Como são as mães na França.
No Brasil, há uma crença muito forte que nos países conhecidos como « de primeiro mundo » tudo funciona melhor e até as crianças são mais bem-educadas. Será?
Mãe esforçada, mas autoritária
Mesmo se este texto não pretende ser um estudo científico sobre o assunto, gostaria de falar um pouco sobre como são as mães na França, segundo minhas experiências e leituras. A primeira mãe que conheci aqui na França era meio sargentona, com ela tudo era regrado, cronometrado, controlado. Na época eu morava em Fontainebleau (região da Île de France) e ela tinha me contratado para buscar os dois filhos na escola, às 16:30, levá-los para casa, dar a merenda, deixar assistir um pouco à televisão, brincar, dar o banho e em seguida a janta. O menino tinha quatro anos e a menina, sete. Eles podiam assistir à televisão por quinze minutos, o banho devia ser às 18:30 e o jantar pontualmente às 19:00. A menina era meio como a mãe, perfeccionista, na segunda série já devia decorar poesia e enquanto não conseguia recitá-la sem erro ou hesitação, repetia, repetia, sem descanso. Eu me apavorava com essa pressão que ela se auto impunha, mas rapidamente entendi que a mãe dela estava totalmente de acordo.

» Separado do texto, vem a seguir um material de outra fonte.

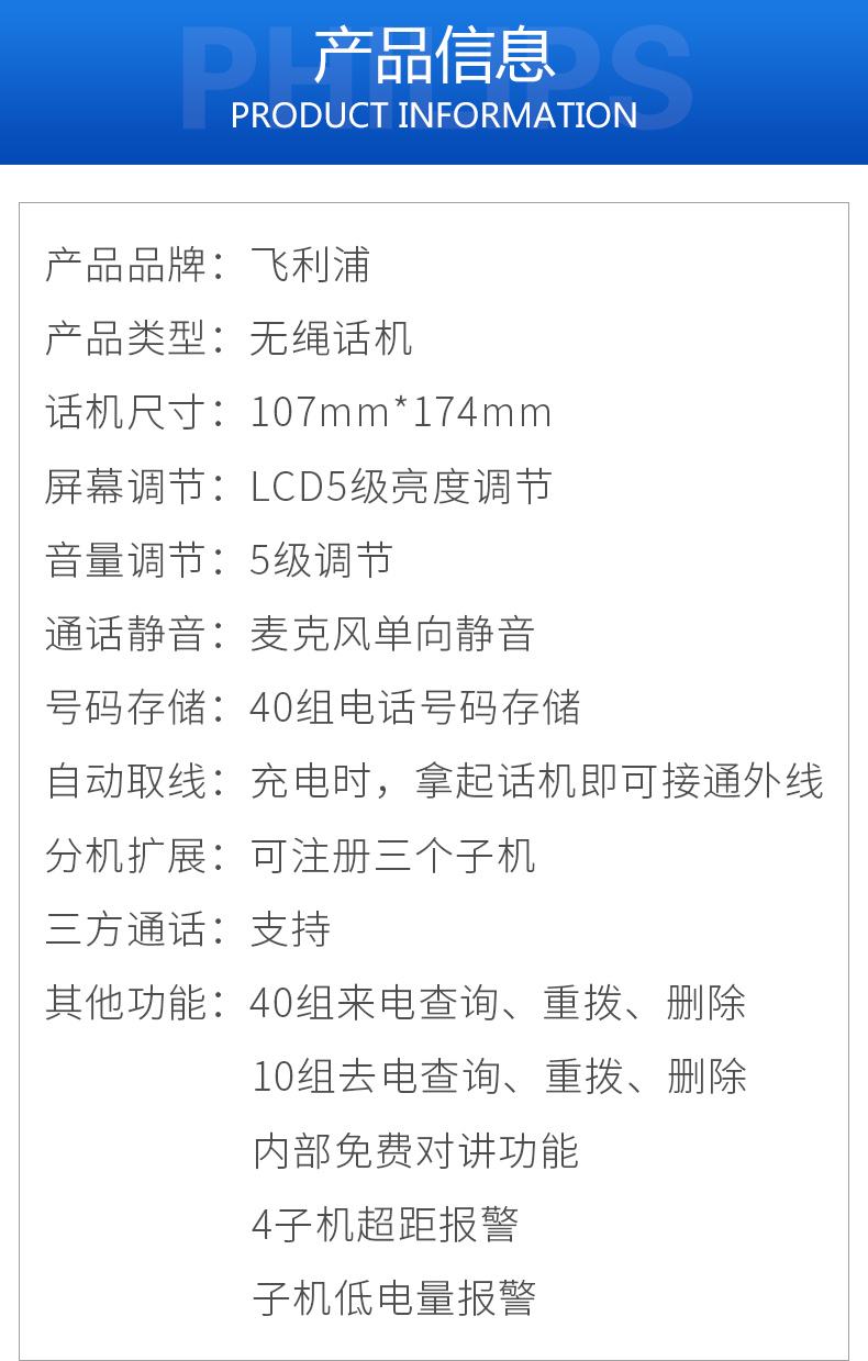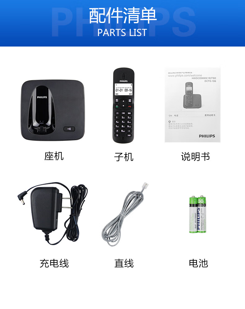 商品属性 [供应商] 科力普科技集团股份有限公司 [品牌] 飞利浦 [型号] DCTG186(1+2)

Às vezes eu propunha uma brincadeira ou uma atividade, ou ainda, perguntava se tinham o costume de fazer tal coisa, e ficava surpresa com a resposta da menina « je n’ai pas le droit » (a gente não deve fazer), e pensava com meus botões que uma outra criança de sete anos qualquer teria passado por cima da autorização da mãe, ainda mais que um adulto estaria permitindo que se quebrasse as regras.

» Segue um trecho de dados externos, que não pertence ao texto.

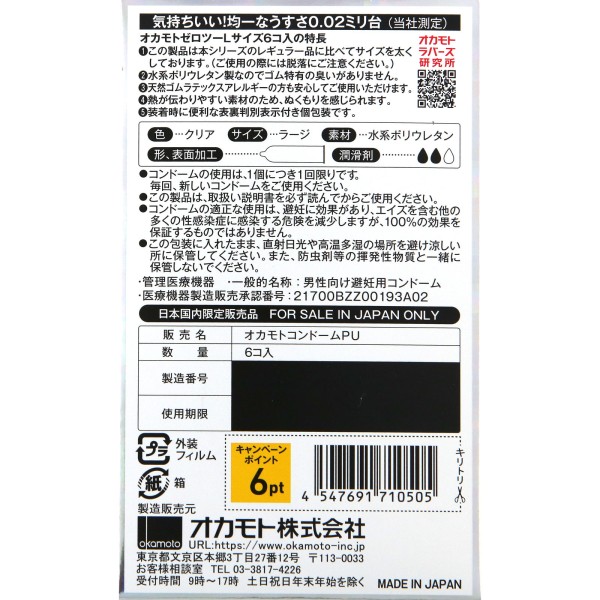 제로투 L 사이즈 클리어 6개 오카모토 > 1개 팩

Essa mãe tinha um « modus operandi » para tudo, uma espécie de manual, que era obedecido ao pé da letra. Como exemplo, o passo a passo para entrar em casa, após a escola: tirar os sapatos, pendurar o casaco, calçar as pantufas. Até o pai das crianças seguia o método imposto pela matriarca.

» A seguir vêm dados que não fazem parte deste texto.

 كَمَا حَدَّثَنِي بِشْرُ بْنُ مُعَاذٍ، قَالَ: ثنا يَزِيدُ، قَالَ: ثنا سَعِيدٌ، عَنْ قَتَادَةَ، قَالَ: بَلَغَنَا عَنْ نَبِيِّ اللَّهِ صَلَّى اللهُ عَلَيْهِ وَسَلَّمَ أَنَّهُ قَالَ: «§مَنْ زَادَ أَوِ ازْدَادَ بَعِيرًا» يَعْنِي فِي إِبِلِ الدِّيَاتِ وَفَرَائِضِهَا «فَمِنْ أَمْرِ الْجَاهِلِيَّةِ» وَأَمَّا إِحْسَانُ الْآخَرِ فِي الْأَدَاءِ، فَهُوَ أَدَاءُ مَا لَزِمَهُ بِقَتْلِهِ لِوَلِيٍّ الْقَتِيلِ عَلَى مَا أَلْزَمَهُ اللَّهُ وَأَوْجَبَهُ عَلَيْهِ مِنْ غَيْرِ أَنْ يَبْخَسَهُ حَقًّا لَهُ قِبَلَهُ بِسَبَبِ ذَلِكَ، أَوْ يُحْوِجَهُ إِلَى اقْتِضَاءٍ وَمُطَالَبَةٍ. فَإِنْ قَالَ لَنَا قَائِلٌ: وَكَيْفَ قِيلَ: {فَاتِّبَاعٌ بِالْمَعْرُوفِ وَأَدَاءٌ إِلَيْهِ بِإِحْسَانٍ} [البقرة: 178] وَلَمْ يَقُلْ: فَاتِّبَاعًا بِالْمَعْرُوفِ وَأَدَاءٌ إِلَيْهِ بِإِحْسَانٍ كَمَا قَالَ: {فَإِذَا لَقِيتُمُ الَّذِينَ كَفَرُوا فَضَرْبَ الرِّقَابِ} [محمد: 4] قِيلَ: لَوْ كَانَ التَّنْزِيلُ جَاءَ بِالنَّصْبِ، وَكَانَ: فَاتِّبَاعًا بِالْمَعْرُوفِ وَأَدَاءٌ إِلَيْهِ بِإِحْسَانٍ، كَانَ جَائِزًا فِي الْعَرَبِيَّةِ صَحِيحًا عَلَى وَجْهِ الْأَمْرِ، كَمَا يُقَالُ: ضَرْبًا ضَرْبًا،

O que eu admirava muito é que ela estava sempre buscando oferecer aos filhos muito mais que a escola ou as brincadeiras podem proporcionar. Eles já frequentavam museus, praticavam jardinagem, ela falava com eles sobre os animais, organizava passeios para descobrir insetos, conhecer as flores, os pássaros, os cheiros e as cores da natureza. Ela tinha uma maneira de pensar a educação, de planejá-la, não era algo aleatório, mas programado, porque ela conhecia as falhas do ensino convencional, que negligencia muito a aprendizagem empírica, que não ensina a criticar e a ter ideias próprias.
Mas essa mãe nunca relaxava, e não permitia que as crianças relaxassem, e isso era realmente uma pena. Uma vez, convidei-os a irem almoçar na minha casa, a menina já tinha uns 11 anos. Pois ela veio com o dever de casa para fazer em pleno domingo de visita. Presenciei uma discussão entre mãe e filha, porque esta última evidentemente preferia brincar ou ficar conosco à mesa, mas a mãe insistia que não dava para deixar o dever para depois. Ofereci-me para ajudar a menina, porque vi que ela estava muito contrariada e se sentindo humilhada, mas a mãe foi categórica: « obrigada Zandra, mas estudo é coisa séria, eu sei exatamente o que o professor espera desse trabalho, e é comigo que ela vai fazê-lo ». Só me coube acatar a decisão dela.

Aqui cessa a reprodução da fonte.